Are you a person with commendable knowledge in computer networking? Are you interested in the field of Internet surfing? Do you want to fetch more by working on advanced network system then log on to www.wisdomjobs.com. Enhanced interior gateway routing protocol (EIGRP) is an advanced distant –vector routing protocol that is used on a computer network for automating routing decision and configuration. It supports existing commands like delay, default metric, and redistribute metric, set metric, metric weights, summary metric. These commands are used to control the vector metrics for external route sources injecting routes into EIGRP. It supports the ability to match the metric of incoming and outgoing routes learned via the offset list and match metric route map commands. It is able to detect when all routes on a link are using the new packet formats and will send only one version in homogeneous LAN segments. So, work on EIGRP platform and enhance your networking skills by glancing over the given EIGRP job interview question and answers.

Enhanced Interior Gateway Routing Protocol (EIGRP) Interview Questions

Enhanced Interior Gateway Routing Protocol (EIGRP) Interview Questions
    1. Question 1. Does Eigrp Support Secondary Addresses?

      Answer :

      EIGRP does support secondary address. Since EIGRP sources data packets from the primary addresses, Cisco recommends that we configure all routers on a particular subnet with primary addresses that belong to the similar subnet. Routers don’t form EIGRP neighbors over secondary network. For which,  if all of the primary IP addresses of routers don’t agree, problems arises with neighbor adjacency.

    2. Question 2. What Does The Eigrp Stuck In Active Message Mean?

      Answer :

      When EIGRP returns a stuck in active message, this means that it has not received a reply from a query. It sends a query when a route is lost and another feasible route does not exist inside the topology table. The SIA is caused by 2 sequential events:

      • The reported route by the SIA has gone away.
      • An EIGRP neighbor (or neighbors) have not replied to the query for that route.

      When the SIA occurs, the router clears the neighbor that did not reply for the query. When it happens, determine which neighbor has been cleared. We should Keep in mind that this router can be many hops away.
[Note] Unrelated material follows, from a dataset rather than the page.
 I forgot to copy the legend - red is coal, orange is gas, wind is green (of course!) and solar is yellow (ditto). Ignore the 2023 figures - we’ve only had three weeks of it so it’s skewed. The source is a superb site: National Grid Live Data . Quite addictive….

    3. Question 3. What Does The Neighbor Statement In The Eigrp Configuration Section Do?

      Answer :

      The neighbor command is used in EIGRP in order to define a neighboring router with which to exchange  information of routing. Because of the current behavior of the command, EIGRP exchanges information of routing with the neighbors in the form of unicast packets whenever the neighbor command is configured for interface. EIGRP holds on processing all multicast packets that come inbound on that interface. EIGRP also mutes sending multicast packets on that interface.
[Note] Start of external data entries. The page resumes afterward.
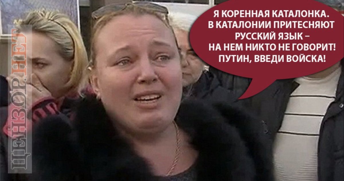 Корреспондент Раша-брехун-ТВ:"А теперь коренная каталонка расскажет всем расеянам про распятого полицаями испанской хунты на стене "участка для референдумов" руськаязычнаго мальчика в трусиках."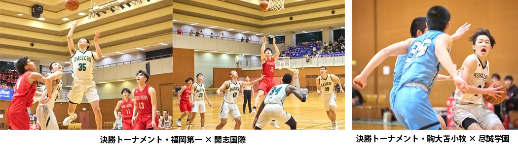 優勝した福岡第一は、予選リーグで他を寄せ付けない安定した戦いで全勝。決勝トーナメントでは、準決勝で駒大苫小牧(北海道)に70-62で競り勝ち、決勝は本大会2連覇中の開志国際(新潟)と対戦。1Qは19-19で競り合うも2Qは福岡第一が連続得点を決めるなど圧倒し48-27で前半を折り返すと、後半も安定した試合展開で最終スコア85-60で3大会ぶりの栄冠を手にしました。準優勝した開志国際は、準決勝では予選リーグで強豪八王子(東京)を破った尽誠学園(香川)に125-88で快勝するなど安定した実力を見せました。3位決定戦では、駒大苫小牧が尽誠学園との1点を争う激しい競り合いを67-66で制し、本大会では過去最高の3位となりました。大会MVPには藤田悠暉選手(福岡第一)、同MIPには髙橋歩路選手(開志国際)が選ばれました。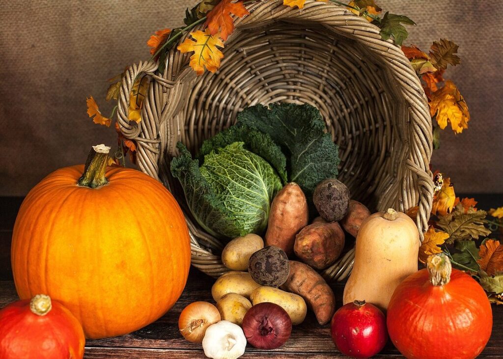 - Crops in abundance: 大量の作物が収穫された状況を描写します。
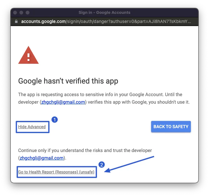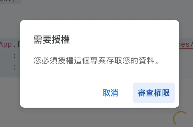 在身份驗證的過程中會出現「Google hasn’t verified this app」這是正常的,因為我們寫的 App Script 沒有經過 Google 驗證,不過沒關係這是寫給自己用的。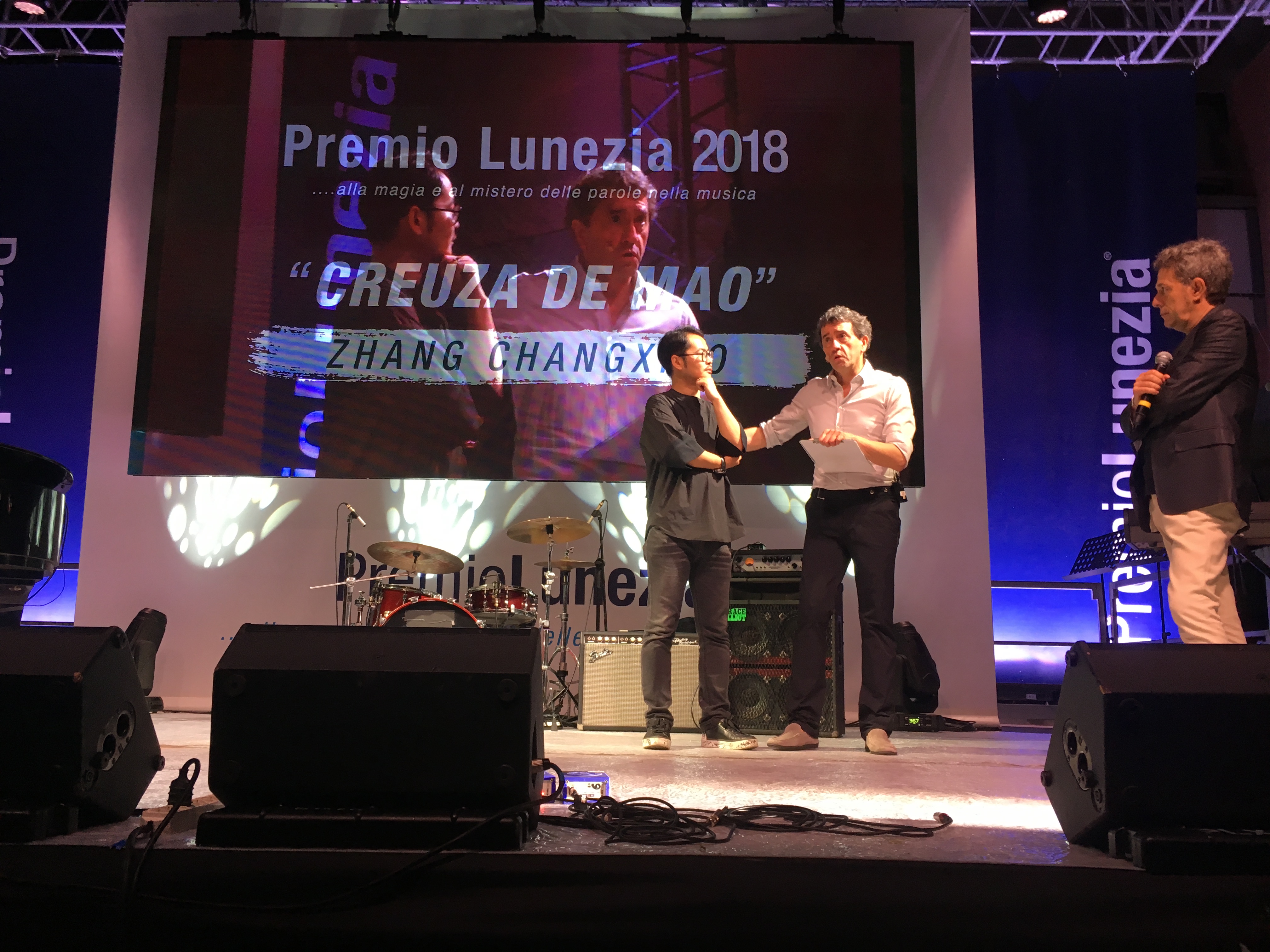 意大利《华人街》网讯:昨日,第二十二届意大利鲁尼兹亚流行音乐大奖颁奖典礼于奥拉市市政厅广场举办,鲁尼兹亚组委会主席Stefano De Martino宣布,旅意华人学者、“当代音乐马可波罗”张长晓荣获本届组委会“评审团银月亮音乐贡献奖”,同时他也是首位获得此殊荣的中国学者,历届获奖者有罗拉·普西尼(Laura Pausini )、瓦斯科·罗西(Vasco Rossi)、查尔斯·阿兹纳弗(Charles Aznavour)、安德烈·波切利(Andrea Bocelli)等人。

      The ideal behavior of this command is for EIGRP to start sending EIGRP packets as unicast packets to the specified neighbor, but  don’t stop sending and receiving multicast packets on that interface. As  the command does not behave as intended, the neighbor command must used carefully.
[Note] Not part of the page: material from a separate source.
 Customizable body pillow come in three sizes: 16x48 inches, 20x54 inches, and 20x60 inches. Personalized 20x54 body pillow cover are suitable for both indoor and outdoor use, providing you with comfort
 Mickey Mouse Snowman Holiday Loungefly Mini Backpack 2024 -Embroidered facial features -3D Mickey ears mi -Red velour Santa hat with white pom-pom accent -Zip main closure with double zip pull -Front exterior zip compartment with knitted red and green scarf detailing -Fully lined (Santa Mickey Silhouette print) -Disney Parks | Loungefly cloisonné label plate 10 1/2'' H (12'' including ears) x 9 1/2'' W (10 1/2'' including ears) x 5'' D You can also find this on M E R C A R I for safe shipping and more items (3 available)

    4. Question 4. Why Does The Eigrp Passive-interface Command Remove All Neighbors For An Interface?

      Answer :

      The passive interface command disables the transmission and receipt of EIGRP hello packets on interface. Not similarly IGRP or RIP, EIGRP sends hello packets in order to form and sustain neighbor adjacency. Not having a neighbor adjacency, EIGRP doesn’t exchange routes with a neighbor. For which the passive interface command prevents the exchange of routes on the interface. Although EIGRP does not  receive or send routing updates on an interface configured with the passive interface command, it includes the address of the interface in routing updates sent out of other non-passive interfaces.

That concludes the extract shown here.